Currently, what is the principal technological hold-up in making the muon collider possible?
 A: Making a muon beam is pretty well-established technology. There are currently muon beams at CERN, at Brookhaven, at Fermilab, and probably elsewhere.
It's also possible to inject muons into a storage ring — this is the heart of the muon $g-2$ experiment.
The thing is, though, that the beam in a collider is essentially empty.  At LHC, each proton bunch contains about $10^{11}$ protons.  When two bunches overlap in a detector, there are a few dozen proton-proton collisions.  But the remaining protons are free to go around the ring and collide again.  I think that most of the storage-ring colliders fill the ring with protons (or heavy ions) at the start of a data-taking period and then re-use those protons for days or weeks.
You wouldn't get to re-use the muons very efficiently.  A muon at rest lives for 2 μs; even boosted to 14 TeV ($\gamma = E/m \approx 130\,000$) the lifetime is less than a second.  So you'd have to be continuously producing new muons and continuously accelerating them prior to injection — much more like a rare isotope facility than a high-energy collider.

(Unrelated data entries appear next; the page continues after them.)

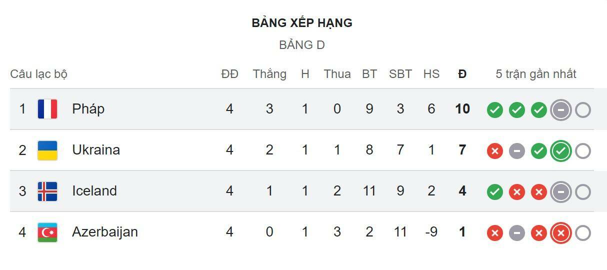 Trong ngày vắng Kylian Mbappe, Pháp bị Iceland cầm chân 2-2 dù hai lần dẫn trước. Ở trận còn lại, Ukraine thắng 2-1 Azerbaijan để chỉ còn kém ngôi đầu ba điểm. Pháp vẫn nắm quyền tự quyết, nhưng trận đối đầu sắp tới với Ukraine sẽ là bước ngoặt then chốt cho tấm vé trực tiếp đến World Cup.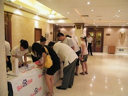 客戶陸續(xù)到場,并在簽到處認真的填寫個人資料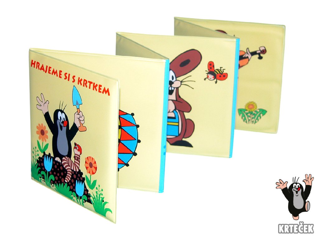 Rozkládací leporelo s různými obrázky Krtečka zaujmou miminko na první pohled, ilustrace je velmi povedená s pěknými a sytými barvami. Hračka je vyrobena z nezávadného materiálu, takže nevadí, když mrňous knížku ochutná.

There would also be a continuously-produced beam of electrons from the muons decaying in flight.  For slow particles, the bending magnets would separate the muons from the electrons.  Boosted to a few TeV, however, the muon and its decay electron have essentially the same momentum, and your muon beam would be replaced in the storage ring by an electron beam with slightly larger momentum spread.  This beam would have to be dumped somewhere — again, probably about once per second.
I think it's probably doable, but it'd be quite challenging.  Give it ten or twenty years.

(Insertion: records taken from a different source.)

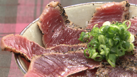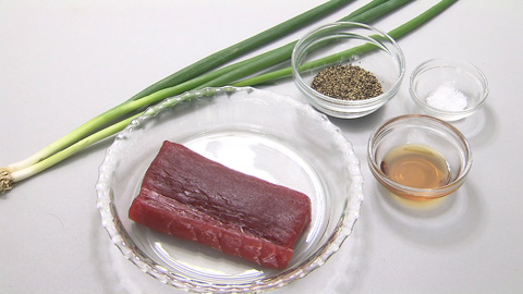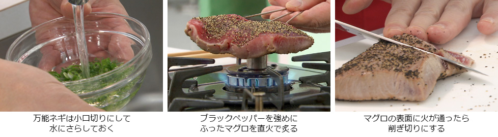 - ガスコンロのセンサーを一旦解除し、マグロを直火で炙る。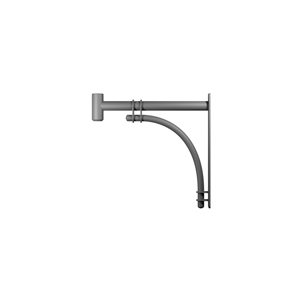Wandarm vollständig aus kaltverzinktem Stahl, mit einem 3/4" GAS-Anschluss zur Montage der Leuchte, interner Kabelführung und Erdungsklemme. Wandbefestigung mit Spreizdübeln.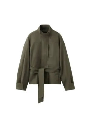 Mango wollen trenchcoat grijs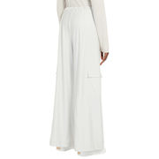 Trousers with wide leg in soft pure cotton poplin. The belt loops on the waist and pleats on the front, French pockets on the sides and the long belt combined with metal eyelets make the garment refined and versatile. Closure with covered zip and hook.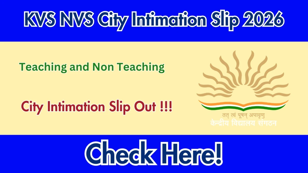 KVS NVS Tier 2 City Intimation Slip 2026 for the joint recruitment (Advertisement No. 01/2025) to various teaching and non-teaching posts in Kendriya Vidyalaya Sangathan (KVS) and Navodaya Vidyalaya Samiti (NVS) has been released on March 9, 2026, by the Central Board of Secondary Education (CBSE), which conducts the exam on behalf of KVS and NVS. This follows the Tier-1 result and shortlisting announcement on February 28, 2026.

A: The biggest technical challenge preventing a muon collider is how to safely generate and transport the beam from the source into the storage ring. Generating muons, unlike other particles like electrons or protons, makes a really messy beam with a very large transverse momentum spread. The "emittance" of a beam is roughly defined as $\varepsilon = \sigma_x^2 \sigma_{x'}^2$ to within some normalization conventions. A storage ring has a certain "acceptance" which is the largest emittance beam it can store without particles hitting the beam pipe or otherwise getting scraped out of the beam.
The trouble is that you generate a shower of muons by hitting a fixed target with high energy protons. The resulting muons then have to be gathered and cooled to a small enough emittance that you can get them into the storage ring without violating radiation safety restrictions on how much beam you can lose. When those particles hit the beam pipe, they generate a shower of neutron radiation, so you have to keep that down. In fact, the initial design of a muon collider would have led to so much radiation that the phrase "Ring of Death" was used to describe the problem. Thus, the beams have to be cooled, so their emittance is small enough to get into a realistic storage ring.

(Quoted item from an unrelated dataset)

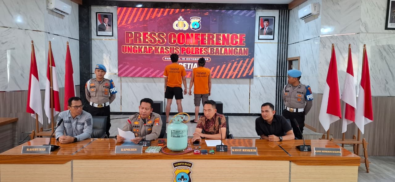 PARINGIN, – Polres Balangan menggelar konferensi pers pengungkapan kasus penipuan berkedok perekrutan karyawan PT Jhonlin Baratama di Mapolres Balangan, Paringin, Rabu (16/10/2025).

Normally what is done, such as with anti-electrons which are produced in basically the same way, is the particles are put in a very large acceptance damping ring where you sit and wait for the synchrotron radiation to cool off the bunch transversely, or use other methods such as stochastic cooling or electron cooling. Muons have a second problem, which is that they have a half-life and the beam itself will decay.
So you have to take a very messy beam of particles and cool them off before you lose the entire beam to its decay into an electron and some neutrinos. Nobody has figured out how to cool them fast enough while still holding onto enough of the bunch to make the experiment worth doing.